▸ WHAT YOU NEED TO DO:
Pictures are to be dropped from the copy. Retype the listing exactly.

▸ DATA FOR ANALYSIS:
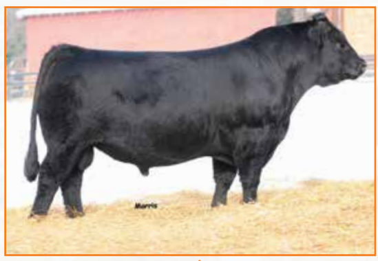
SBLX FIRST CLASS | Sire of Lots 29-36
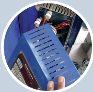
Easy Access Panel
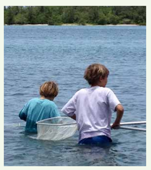
Monitoring fish populations

The Land Trust, in acquiring more than 925 acres along the Indian River Lagoon over the last five years, has protected critical coastal wetlands and pristine oak hammocks from residential and commercial development. IRLT also created a unique opportunity to help protect the Lagoon by studying and caring for these important lands in relation to this diverse estuary. That's why the Land Trust is completing management plans for twelve blocks of conservation areas, ranging in size from 4 acres to 190 acres. The management plans will be finished this winter, allowing the Board and staff to identify and prioritize scientific-based restoration projects that will help to reestablish important fish and bird populations and improve the water quality along the Lagoon.
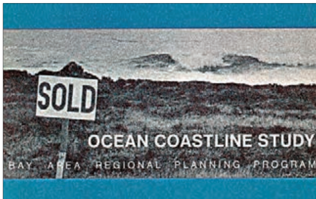
An example of a report from ABAG's first decade.
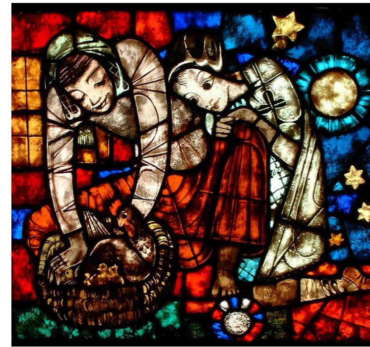
Evening, Ervin Bossanyi, 1933

This is one of two panels by the artist on the theme of morning and evening in the museum's collection. The panel shows a woman and a girl, both wearing headscarves and kneeling over a basket with hen and chickens at bottom left. There is a red background to blue sky with moon and stars.
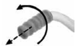
Turn Anti-clockwise to lengthen arm
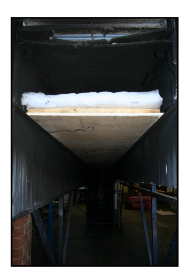
Figure 3.1.2: Test installation above ceiling prior to ignition of fire source

Temperatures were measured during the investigation with thermocouples located within the insulation layer at various positions along the length of the installation. The test installation was exposed to the thermal output of three litres of n-hexane, which was placed in the fire source tray. Temperatures were continuously recorded and observations were noted of the behaviour of the material. The installation prior to the ignition of the fire source is shown in Figure 3.1.2.
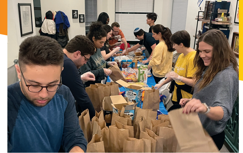
▲ With four local neighborhood locations, Silverstein Base Chicago has become a cornerstone of JUF's young adult programming, engaging thousands of Jews in their 20s and 30s in Jewish life, learning and community. Pictured here, volunteers with Base Logan Square and Repair the World Chicago pack meals for the Night Ministry.

As a result, in 2025 the number of people participating in JUF programs and events doubled. Young adults especially showed up—for each other and for their community—in record numbers.
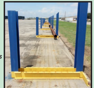
H.D. PIPE RACKS
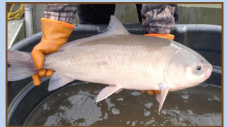
Bigmouth Buffalo with DEEP body
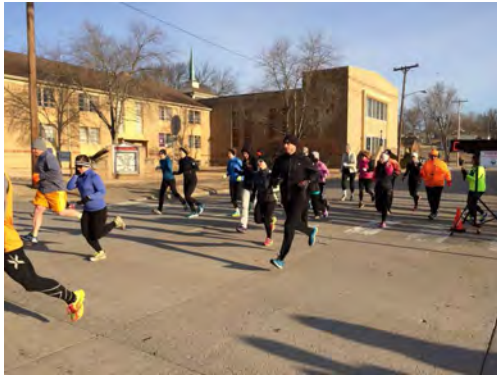
Photo from our past race.

We restarted our meetings in September 2021 having last met in February of 2020. With Covid-19 abated, we sponsored our biggest event and sole fundraiser for the year with a Presidents Day 5k Race on Saturday, 19 February 2022.

▸ RESULT:
SBLX FIRST CLASS | Sire of Lots 29-36
Easy Access Panel
Monitoring fish populations

The Land Trust, in acquiring more than 925 acres along the Indian River Lagoon over the last five years, has protected critical coastal wetlands and pristine oak hammocks from residential and commercial development. IRLT also created a unique opportunity to help protect the Lagoon by studying and caring for these important lands in relation to this diverse estuary. That's why the Land Trust is completing management plans for twelve blocks of conservation areas, ranging in size from 4 acres to 190 acres. The management plans will be finished this winter, allowing the Board and staff to identify and prioritize scientific-based restoration projects that will help to reestablish important fish and bird populations and improve the water quality along the Lagoon.
An example of a report from ABAG's first decade.
Evening, Ervin Bossanyi, 1933

This is one of two panels by the artist on the theme of morning and evening in the museum's collection. The panel shows a woman and a girl, both wearing headscarves and kneeling over a basket with hen and chickens at bottom left. There is a red background to blue sky with moon and stars.
Turn Anti-clockwise to lengthen arm
Figure 3.1.2: Test installation above ceiling prior to ignition of fire source

Temperatures were measured during the investigation with thermocouples located within the insulation layer at various positions along the length of the installation. The test installation was exposed to the thermal output of three litres of n-hexane, which was placed in the fire source tray. Temperatures were continuously recorded and observations were noted of the behaviour of the material. The installation prior to the ignition of the fire source is shown in Figure 3.1.2.
▲ With four local neighborhood locations, Silverstein Base Chicago has become a cornerstone of JUF's young adult programming, engaging thousands of Jews in their 20s and 30s in Jewish life, learning and community. Pictured here, volunteers with Base Logan Square and Repair the World Chicago pack meals for the Night Ministry.

As a result, in 2025 the number of people participating in JUF programs and events doubled. Young adults especially showed up—for each other and for their community—in record numbers.
H.D. PIPE RACKS
Bigmouth Buffalo with DEEP body
Photo from our past race.

We restarted our meetings in September 2021 having last met in February of 2020. With Covid-19 abated, we sponsored our biggest event and sole fundraiser for the year with a Presidents Day 5k Race on Saturday, 19 February 2022.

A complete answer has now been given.